Set each line of the material below down word for word, from the first through the line that holds "Wall Mural Photo", but not the pictures.

━━━━━ Dataset content ━━━━━

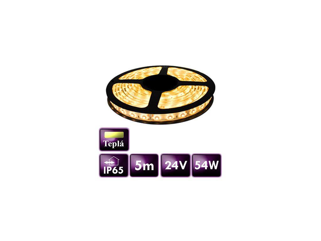 LED pásek - SMD 2835 - 5m - 60LED/m - 10,8W/m - 24V - IP65 - teplá bílá
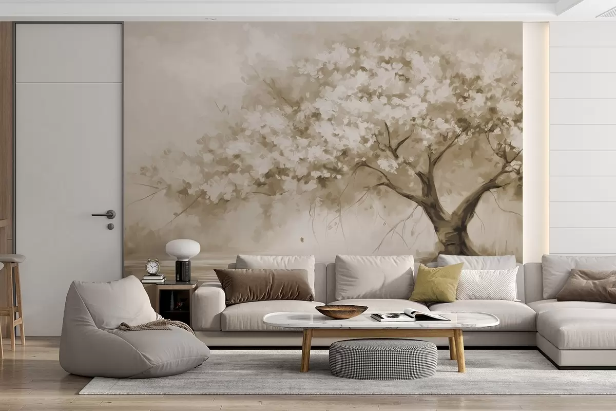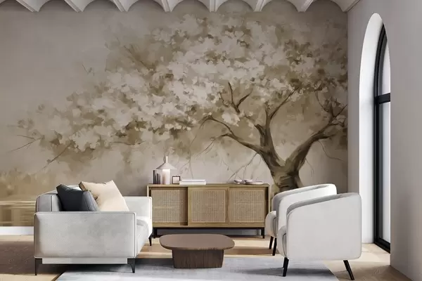 Wall Mural Photo Wallpaper Abstract beige blossom tree in full bloom, next to a river, soft textured brushstrokes and pastel colors Nr. w09193v1
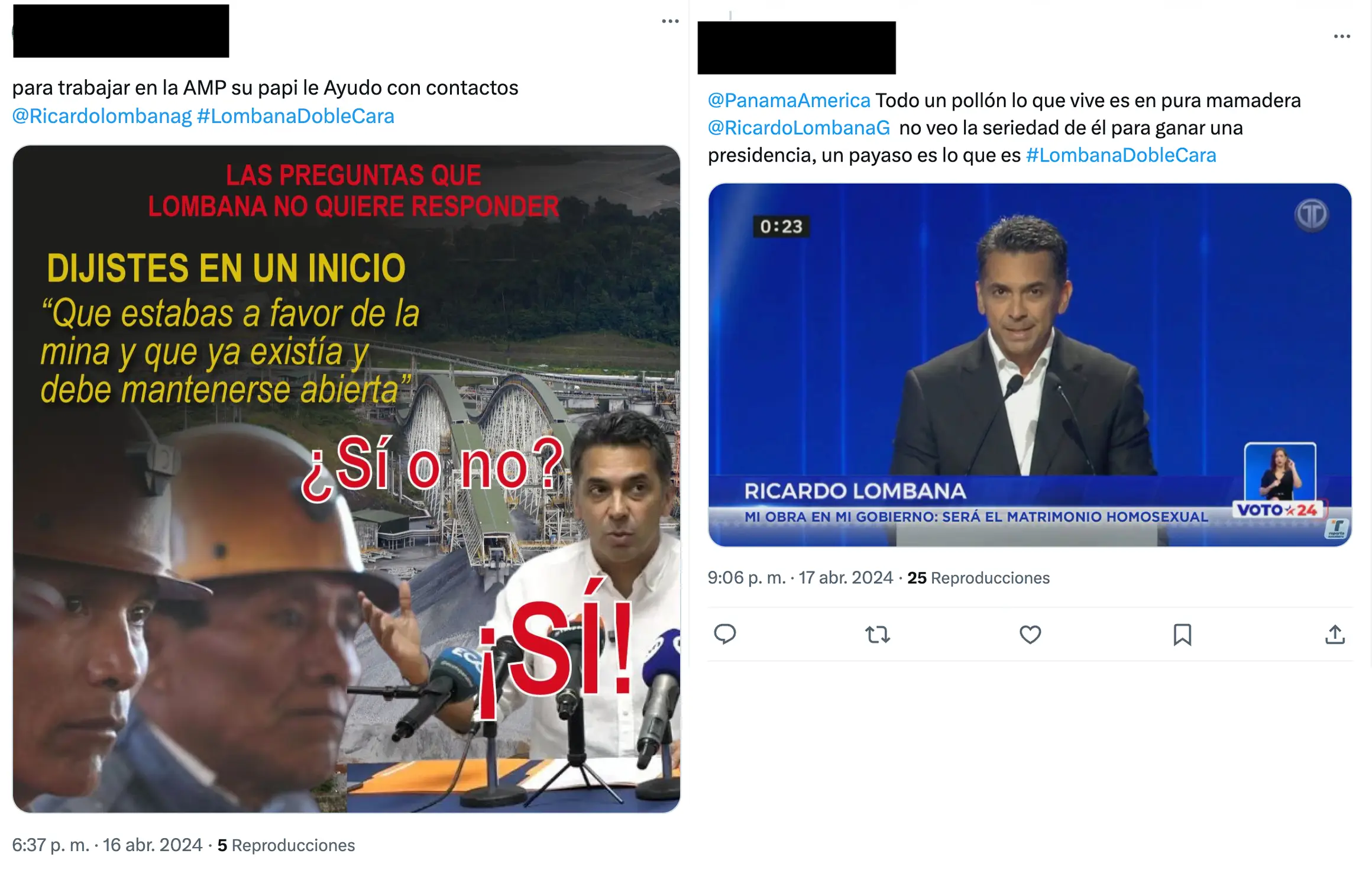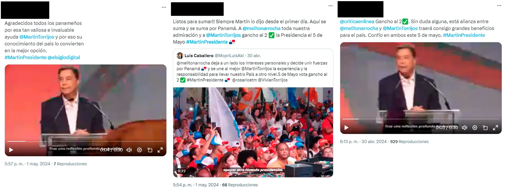 Varias de estas cuentas, además, publican, en respuestas a otros tuits, ataques contra los competidores de Torrijos, en particular contra Ricardo Lombana y Rómulo Roux. Trinan mensajes que atacan a Lombana con mensajes homofóbicos, mientras que los mensajes contra Roux se centran en criticar su riqueza y su cercanía con el contrato minero que provocó grandes manifestaciones en el país en noviembre de 2023.

━━━━━

Your response:
 LED pásek - SMD 2835 - 5m - 60LED/m - 10,8W/m - 24V - IP65 - teplá bílá
 Wall Mural Photo Wallpaper Abstract beige blossom tree in full bloom, next to a river, soft textured brushstrokes and pastel colors Nr. w09193v1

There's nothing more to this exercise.